## [WORK TO COMPLETE]
In the answer, give the entries below exactly, from the first line through the line with "予約販売(2月中旬出荷予定) エレクター ERECTA", with every picture omitted.

## [DATA UNDER STUDY]
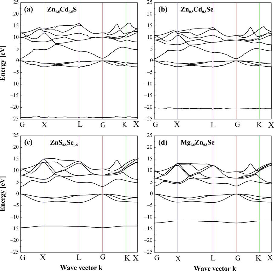 Electronic band structure in zinc-blende (zb) phase for: (a) Zn0.5Cd0.5S, (b) Zn0.5Cd0.5Se, (c) ZnS0.5Se0.5, (d) Mg0.5Zn0.5Se.
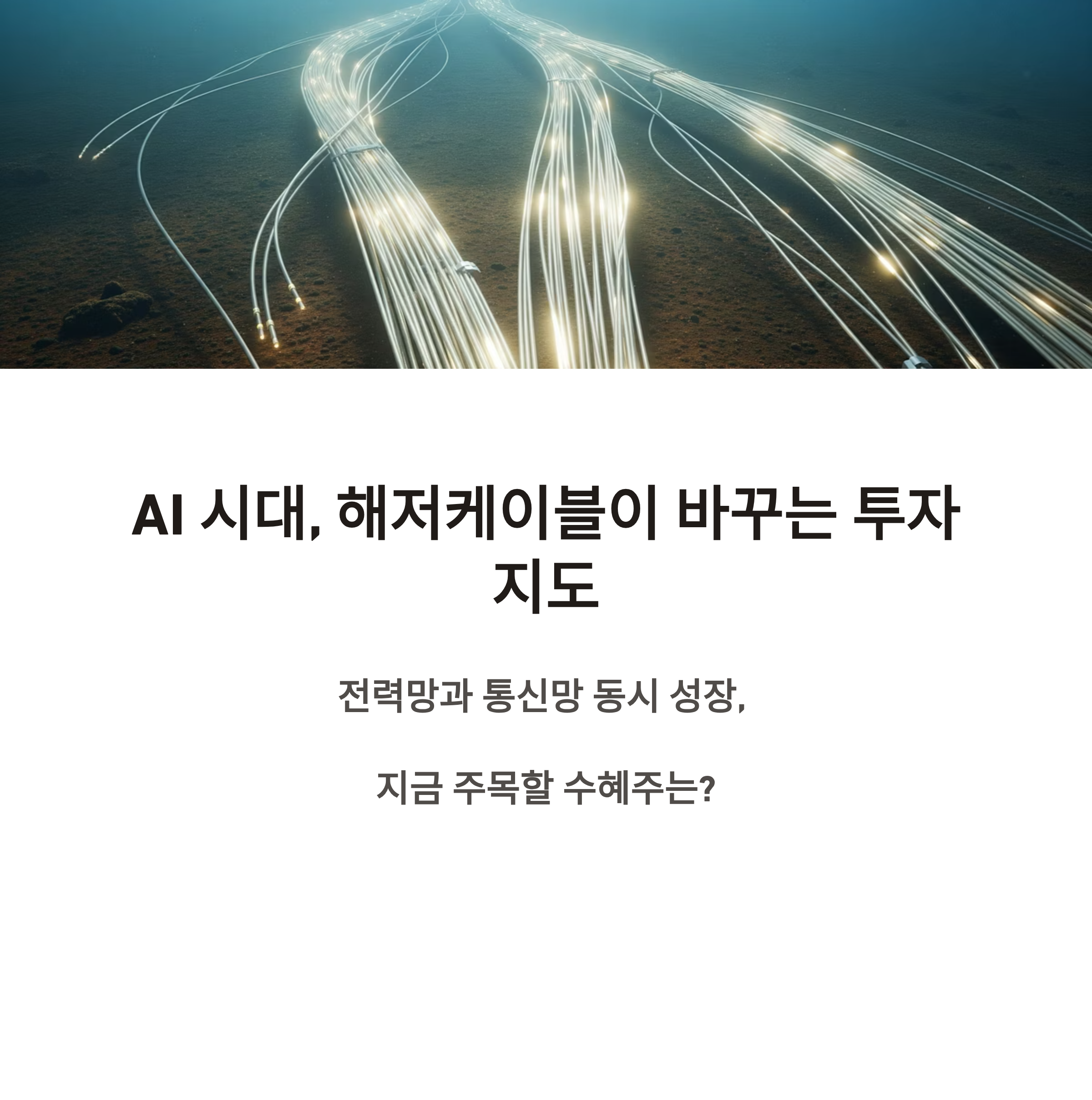 인공지능(AI) 데이터센터의 확산과 해상풍력·전력망 고도화가 본격화되면서, 해저케이블과 초고압 전력케이블(HVDC), 그리고 이를 둘러싼 전선 산업이 동시에 성장하고 있습니다. 특히 AI의 ‘전력 괴물’이라는 수요 특성과 글로벌 통신량의 급증이 맞물려, 전력과 통신 케이블 수요가 구조적으로 폭증하고 있죠. 이 글에서는 해저케이블·전선·AI 데이터센터 세 가지 키워드의 교집합에 놓인 국내 대표 수혜 기업들을 비교 분석하고, 투자자 입장에서 어떤 전략이 유리한지 살펴봅니다.
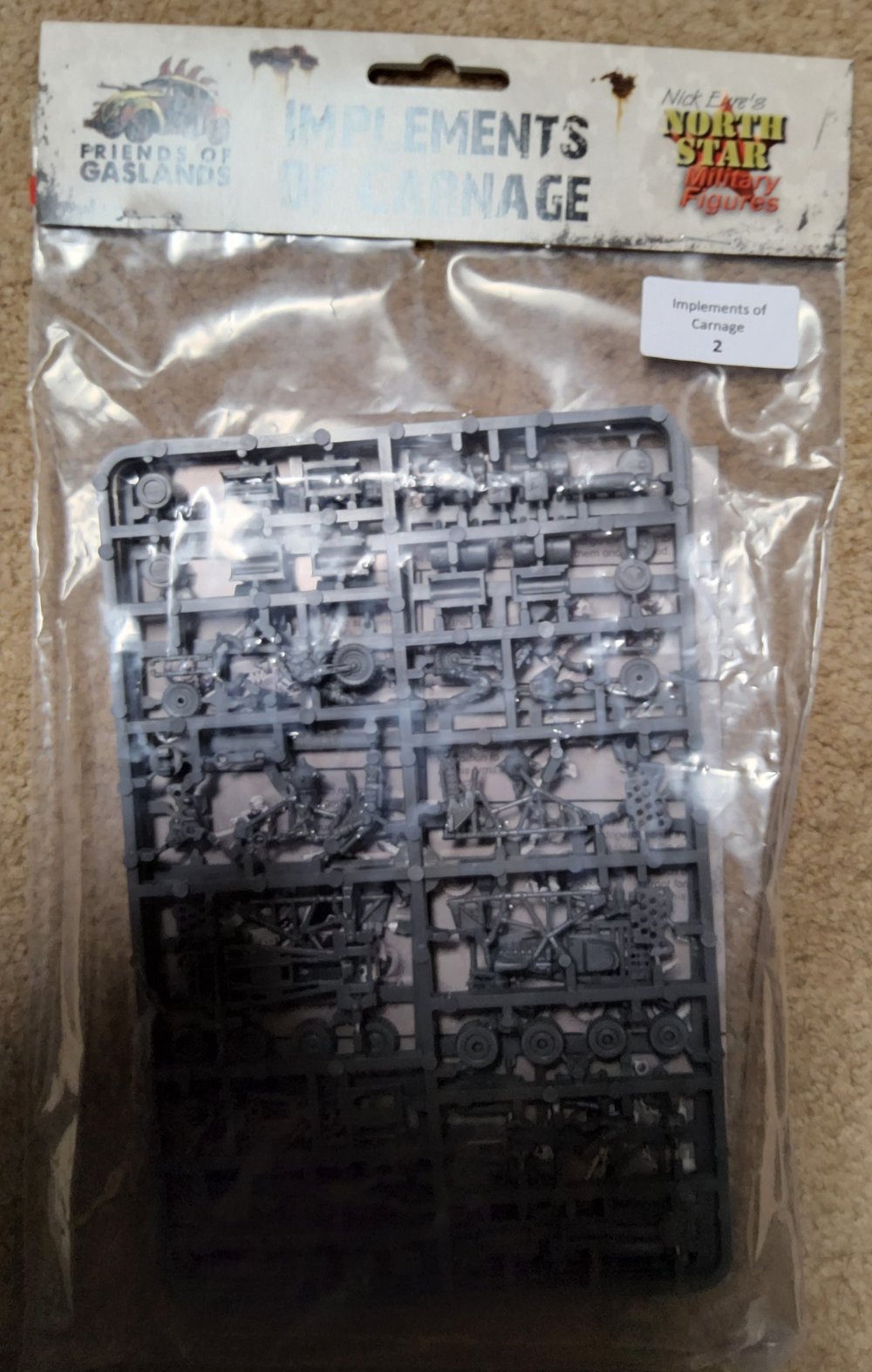 Implements of Carnage are scaled for Hotwheels / Matchbox style vehicles. Supplied unpainted.
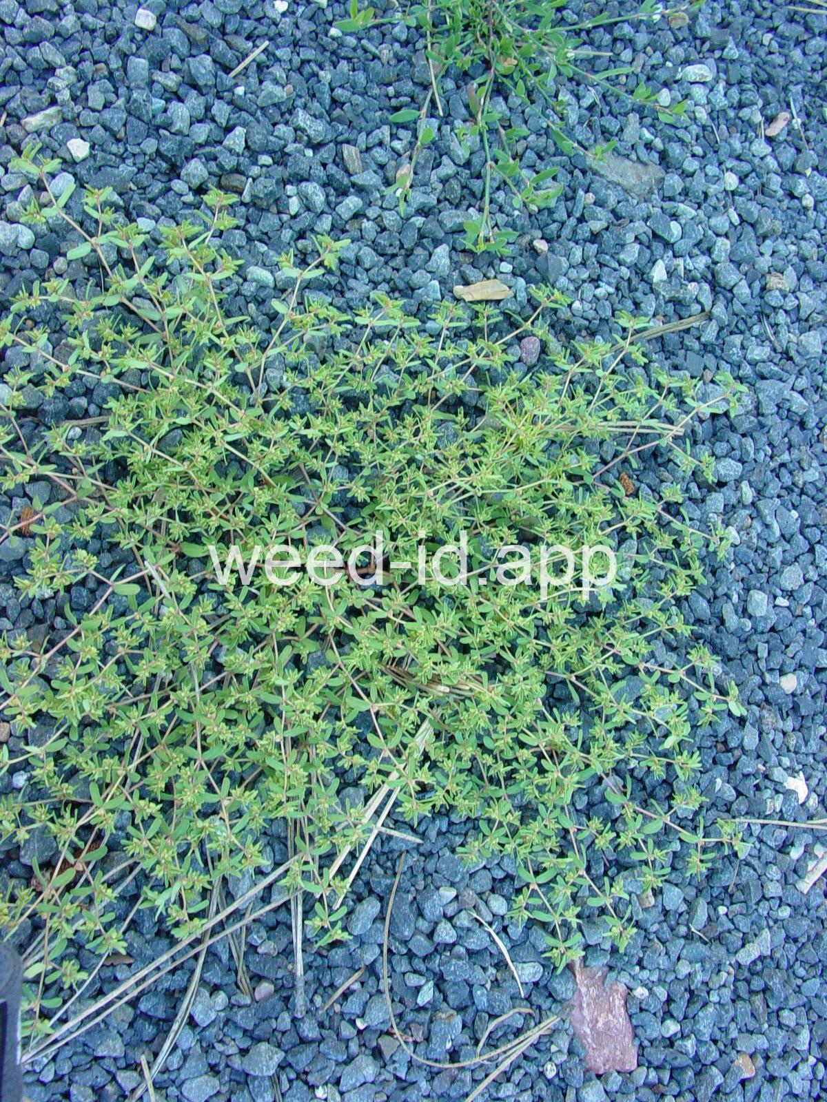 One of many species of prostrate spurges, this species is distinguished by its hairless stem and strongly cross-ridged seeds. Common in dry, often compacted, soils and sometimes confused with prostrate knotweed (note the opposite leaves and milky juice).
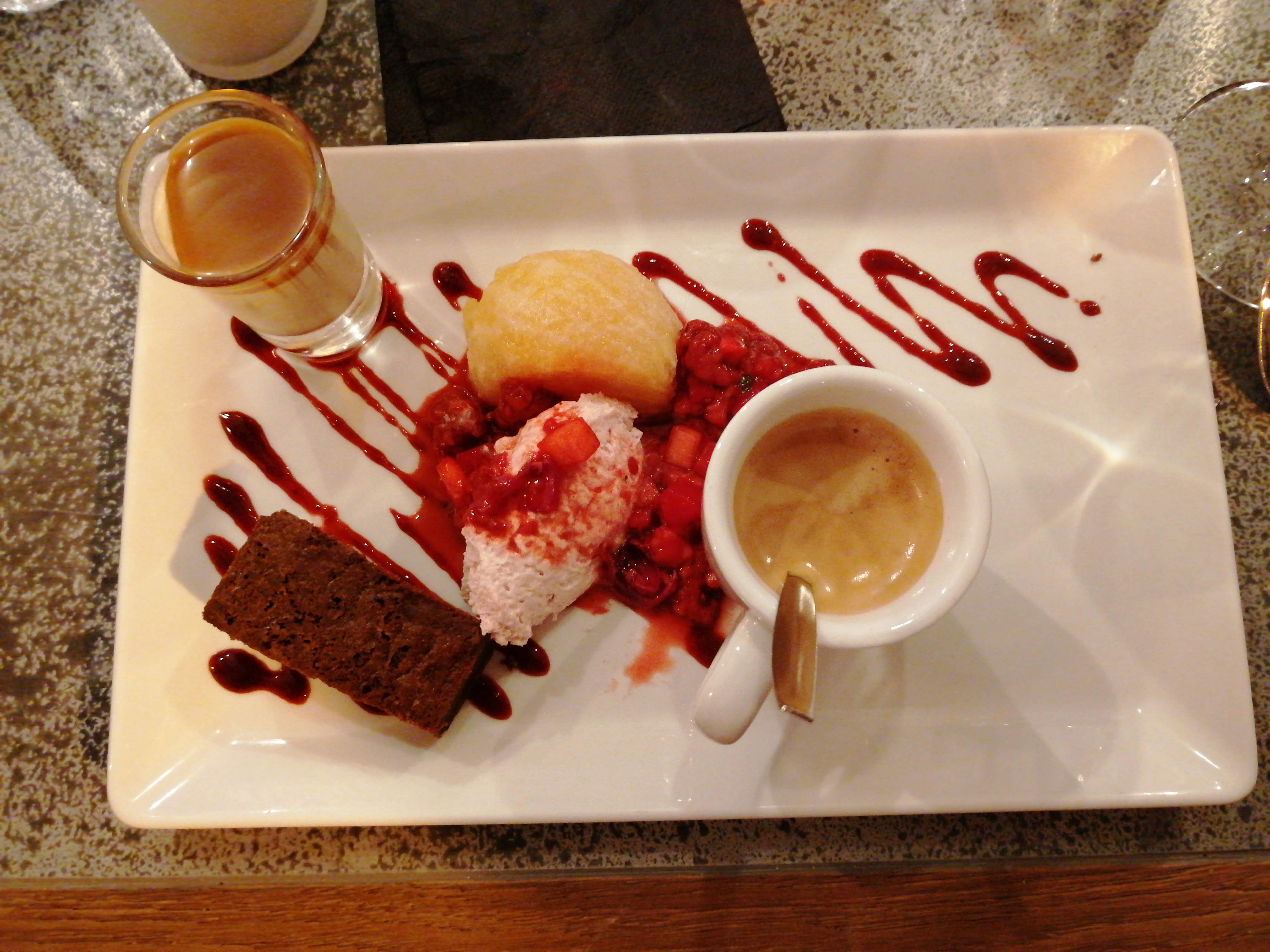Un peu déçu pour plusieurs raisons, le carpaccio de bœuf avait le goût du poisson donc vraiment pas ce qui était prévu.(Le chef aurait-il mal nettoyé sa planche?) Quelqu’un a commandé la salade périgourdine avec un « toast de foie gras » ( soit disant blancoté sur la carte mais pas les nôtres) qui était remplacé par du pâté de campagne. Puis la salade césar annoncé sur la carte avec son « poulet croustillant » qui n’était pas du tout croustillant… à se demander même s’il datait pas du jour d’avant ou s’il n’était pas industriel? La fameuse vinaigrette césar s’est transformée en vinaigrette classique à la moutarde. Et la salade romaine en mesclun.. Mise à part ça le serveur était sympathique.
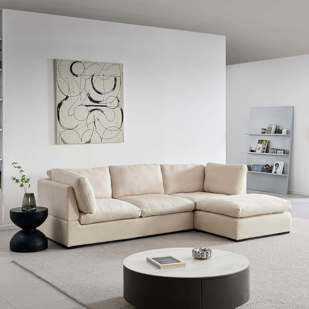 This corner sofa is expertly crafted using a combination of natural beech wood, soft sponge, linen fabric to ensure long-lasting comfort, structural integrity, and aesthetic appeal.
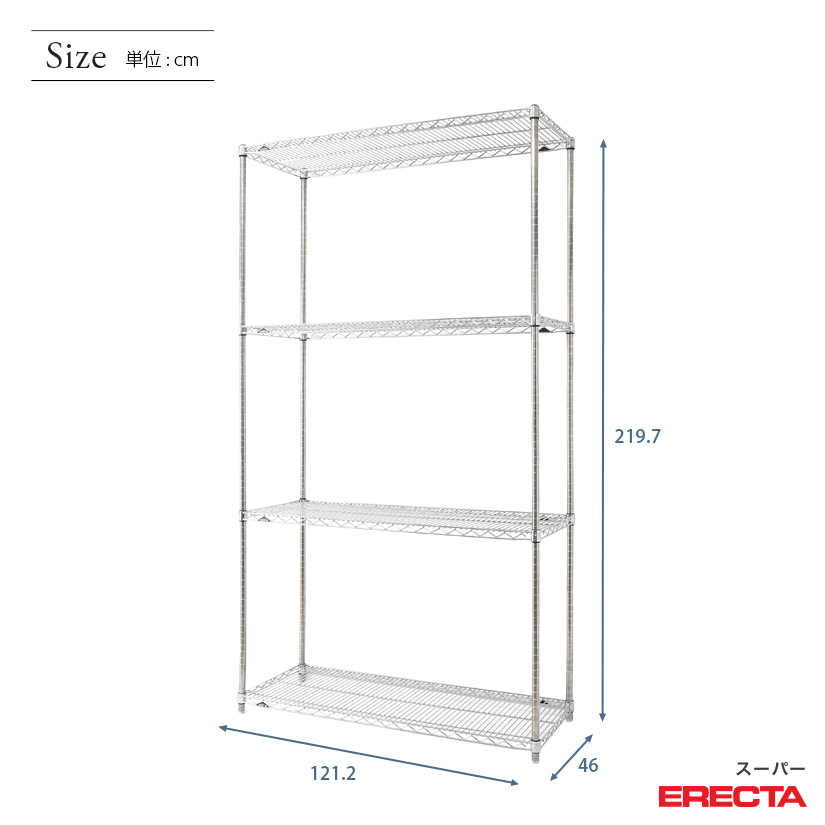 予約販売(2月中旬出荷予定) エレクター ERECTA スーパーエレクター 幅120×奥行45×高さ220 4段 MS1220P2200W4
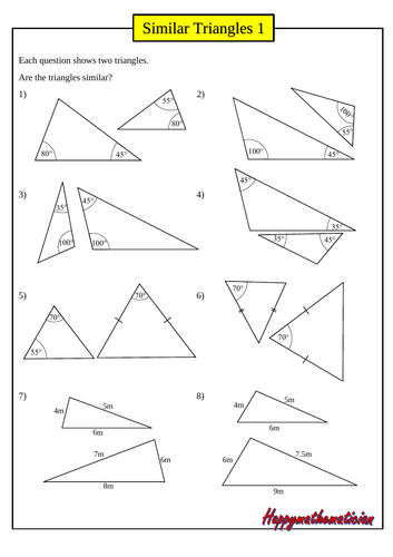 Similar Triangles Worksheets - Math Worksheets 4 Kids Explore this multitude of printable similar triangles worksheets for grade 8 and high school students; featuring exercises on identifying similar triangles, determining the scale factors of similar triangles, calculating side lengths of triangles, writing the similarity statements; finding similarity based on SSS, SAS and AA theorems, solving algebraic expressions to find the side length and ...
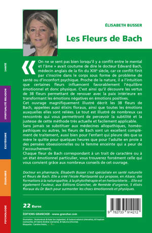 « On ne se sent pas bien lorsqu'il y a conflit entre le mental et l'âme » avait coutume de dire le docteur Edward Bach, médecin anglais de la fin du XIXe siècle, car ce conflit finit par s'inscrire dans le corps sous forme de problème de santé ou d'inconfort psychique. Proche de la nature, il a l'intuition que certaines fleurs influencent favorablement l'équilibre émotionnel et donc physique. C'est ainsi qu'il découvre les vertus de 38 fleurs permettant de renouer avec la paix intérieure en transformant les émotions négatives en émotions positives. Cet ouvrage magnifiquement illustré décrit les 38 fleurs de Bach, appelées aussi élixirs floraux, ainsi que toutes les émotions auxquelles elles sont reliées. Le tout est illustré de nombreux cas rencontrés qui vous permettront de percevoir la subtilité et la justesse de cette méthode très actuelle et facilement applicable. Sans jamais se substituer aux médecines allopathiques, homéopathiques ou autres, les fleurs de Bach sont un excellent complément de traitement, aussi bien pour l'enfant qui pleure dès que sa mère le quitte pour quelques heures que pour l'adulte en proie à des pensées obsessionnelles ou la femme enceinte qui a peur de l'accouchement. Chaque fleur de Bach correspondant à un trait de caractère ou à un état émotionnel particulier, vous trouverez forcément celle qui vous convient grâce aux nombreux conseils de cet ouvrage. Nouvelle édition, remplace EAN 9782733911105.

## [EXPECTED OUTPUT]
 Electronic band structure in zinc-blende (zb) phase for: (a) Zn0.5Cd0.5S, (b) Zn0.5Cd0.5Se, (c) ZnS0.5Se0.5, (d) Mg0.5Zn0.5Se.
 인공지능(AI) 데이터센터의 확산과 해상풍력·전력망 고도화가 본격화되면서, 해저케이블과 초고압 전력케이블(HVDC), 그리고 이를 둘러싼 전선 산업이 동시에 성장하고 있습니다. 특히 AI의 ‘전력 괴물’이라는 수요 특성과 글로벌 통신량의 급증이 맞물려, 전력과 통신 케이블 수요가 구조적으로 폭증하고 있죠. 이 글에서는 해저케이블·전선·AI 데이터센터 세 가지 키워드의 교집합에 놓인 국내 대표 수혜 기업들을 비교 분석하고, 투자자 입장에서 어떤 전략이 유리한지 살펴봅니다.
 Implements of Carnage are scaled for Hotwheels / Matchbox style vehicles. Supplied unpainted.
 One of many species of prostrate spurges, this species is distinguished by its hairless stem and strongly cross-ridged seeds. Common in dry, often compacted, soils and sometimes confused with prostrate knotweed (note the opposite leaves and milky juice).
Un peu déçu pour plusieurs raisons, le carpaccio de bœuf avait le goût du poisson donc vraiment pas ce qui était prévu.(Le chef aurait-il mal nettoyé sa planche?) Quelqu’un a commandé la salade périgourdine avec un « toast de foie gras » ( soit disant blancoté sur la carte mais pas les nôtres) qui était remplacé par du pâté de campagne. Puis la salade césar annoncé sur la carte avec son « poulet croustillant » qui n’était pas du tout croustillant… à se demander même s’il datait pas du jour d’avant ou s’il n’était pas industriel? La fameuse vinaigrette césar s’est transformée en vinaigrette classique à la moutarde. Et la salade romaine en mesclun.. Mise à part ça le serveur était sympathique.
 This corner sofa is expertly crafted using a combination of natural beech wood, soft sponge, linen fabric to ensure long-lasting comfort, structural integrity, and aesthetic appeal.
 予約販売(2月中旬出荷予定) エレクター ERECTA スーパーエレクター 幅120×奥行45×高さ220 4段 MS1220P2200W4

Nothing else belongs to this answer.